- _Activity_
Each line below from the one containing "1用料:金桔700克,冰糖180克,水100毫升" through the one containing "유효성분 파괴는 최소화하고, 비건콜라겐의 유효성분만 뽑아서 추출했습니다." should be output exactly as it stands, and no other line should appear.

- _Data for analysis_
◆ ◆ ◆ ◆ ◆ ◆ ◆

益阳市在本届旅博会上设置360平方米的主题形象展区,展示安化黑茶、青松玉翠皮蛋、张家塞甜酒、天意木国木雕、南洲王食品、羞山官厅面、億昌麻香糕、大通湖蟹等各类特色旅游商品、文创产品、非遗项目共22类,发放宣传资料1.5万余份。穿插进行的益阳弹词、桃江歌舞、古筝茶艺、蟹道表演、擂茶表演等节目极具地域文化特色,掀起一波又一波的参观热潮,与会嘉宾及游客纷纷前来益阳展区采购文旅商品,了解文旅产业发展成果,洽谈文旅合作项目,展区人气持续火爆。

◆ ◆ ◆ ◆ ◆ ◆ ◆

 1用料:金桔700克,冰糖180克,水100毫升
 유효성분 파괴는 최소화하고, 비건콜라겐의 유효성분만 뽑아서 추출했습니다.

◆ ◆ ◆ ◆ ◆ ◆ ◆

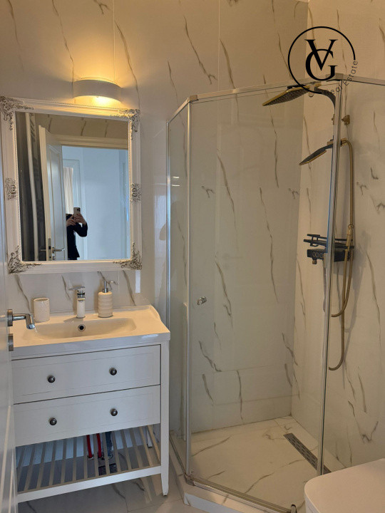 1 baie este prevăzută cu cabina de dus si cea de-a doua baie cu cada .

◆ ◆ ◆ ◆ ◆ ◆ ◆

- _Response to the task_
 1用料:金桔700克,冰糖180克,水100毫升
 유효성분 파괴는 최소화하고, 비건콜라겐의 유효성분만 뽑아서 추출했습니다.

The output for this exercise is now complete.